Multimodal input

The Responses API accepts text, images, audio, and files in a single request. Use structured input with content arrays to combine modalities.

Supported input types

Type	Content type	Formats	Delivery
Text	`input_text`	Plain text	Inline
Image	`input_image`	JPEG, PNG, WebP, GIF, TIFF	URL, base64 data URI, or `file_id`
Audio	`input_audio`	WAV, MP3	Base64
Document	`input_file`	PDF, DOCX, XLSX, PPTX, RTF, TXT, CSV	URL, base64 data URI, or `file_id`
Video	`input_file`	MP4	Base64 data URI or `file_id`

Image input

Send an image for the model to describe, analyze, or answer questions about. Provide the image as a URL, a base64 data URI, or a previously uploaded file_id.

Image via URL

mka1 llm responses create \
  -H 'X-On-Behalf-Of: <end-user-id>' \
  --body '{
    "model": "auto",
    "input": [
      {
        "type": "message",
        "role": "user",
        "content": [
          { "type": "input_text", "text": "Describe what you see in this image." },
          {
            "type": "input_image",
            "image_url": "https://upload.wikimedia.org/wikipedia/commons/thumb/3/3a/Cat03.jpg/1200px-Cat03.jpg"
          }
        ]
      }
    ]
  }'

Image via base64

Encode the image as a data URI with the appropriate MIME type.

IMAGE_B64=$(base64 -i photo.jpg)

mka1 llm responses create \
  --body "{
    \"model\": \"auto\",
    \"input\": [
      {
        \"type\": \"message\",
        \"role\": \"user\",
        \"content\": [
          { \"type\": \"input_text\", \"text\": \"What is in this photo?\" },
          {
            \"type\": \"input_image\",
            \"image_url\": \"data:image/jpeg;base64,${IMAGE_B64}\"
          }
        ]
      }
    ]
  }"

Image via file_id

Upload an image with the Files API first, then reference it by ID.

# Upload the image
FILE_ID=$(mka1 llm files upload \
  --file @photo.jpg \
  --purpose assistants | jq -r '.id')

# Use the file_id
mka1 llm responses create \
  --body "{
    \"model\": \"auto\",
    \"input\": [
      {
        \"type\": \"message\",
        \"role\": \"user\",
        \"content\": [
          { \"type\": \"input_text\", \"text\": \"Describe this image.\" },
          { \"type\": \"input_image\", \"file_id\": \"${FILE_ID}\" }
        ]
      }
    ]
  }"

Audio input

Send audio for the model to process. The audio is automatically transcribed and the model responds to the spoken content. Supported formats: WAV and MP3 (max 25 MB).

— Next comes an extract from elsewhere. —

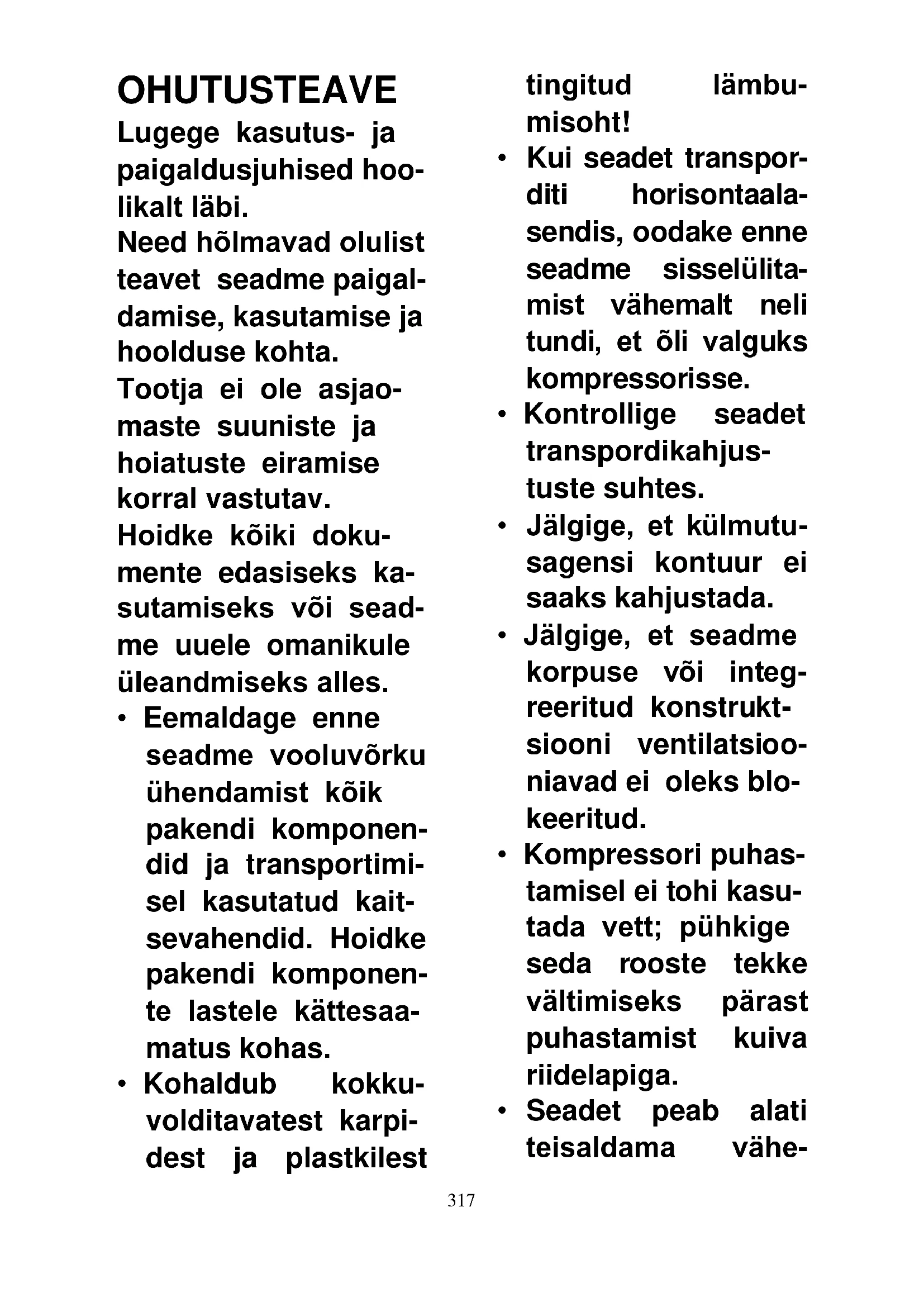 - Kui seadet transpor- diti horisontaala- sendis, oodake enne seadme sisselülita- mist vähemalt neli tundi, et õli valguks kompressorisse.

AUDIO_B64=$(base64 -i recording.wav)

mka1 llm responses create \
  --body "{
    \"model\": \"auto\",
    \"input\": [
      {
        \"type\": \"message\",
        \"role\": \"user\",
        \"content\": [
          {
            \"type\": \"input_audio\",
            \"input_audio\": {
              \"data\": \"${AUDIO_B64}\",
              \"format\": \"wav\"
            }
          }
        ]
      }
    ]
  }"

The model automatically transcribes the audio and responds to the spoken content. For example, sending a WAV file containing “Hello, how are you today?” returns:

{
  "status": "completed",
  "output": [
    {
      "type": "message",
      "role": "assistant",
      "content": [
        {
          "type": "output_text",
          "text": "Hello! I'm doing well, thank you for asking. I'm here and ready to help you with any questions or tasks you might have. How can I assist you today?"
        }
      ]
    }
  ]
}

Document input

Send documents for the model to read and reason over. PDF and scanned documents are automatically processed with OCR — no extra configuration needed.

Document via URL

mka1 llm responses create \
  --body '{
    "model": "auto",
    "input": [
      {
        "type": "message",
        "role": "user",
        "content": [
          { "type": "input_text", "text": "Summarize this document in three bullet points." },
          {
            "type": "input_file",
            "file_url": "https://example.com/report.pdf",
            "filename": "report.pdf"
          }
        ]
      }
    ]
  }'

Document via base64

Encode the file as a data URI. Include the MIME type so the API can route it to the correct processor.

PDF_B64=$(base64 -i contract.pdf)

mka1 llm responses create \
  --body "{
    \"model\": \"auto\",
    \"input\": [
      {
        \"type\": \"message\",
        \"role\": \"user\",
        \"content\": [
          { \"type\": \"input_text\", \"text\": \"What are the key terms in this contract?\" },
          {
            \"type\": \"input_file\",
            \"file_data\": \"data:application/pdf;base64,${PDF_B64}\",
            \"filename\": \"contract.pdf\"
          }
        ]
      }
    ]
  }"

Scanned documents and OCR

Scanned PDFs and images of documents are processed automatically. The API uses OCR to extract text from:

Scanned PDF pages (converted to images at 150 DPI, then OCR’d)
Photos of documents (JPEG, PNG, TIFF)
Office files (DOCX, XLSX, PPTX — converted to PDF first, then OCR’d)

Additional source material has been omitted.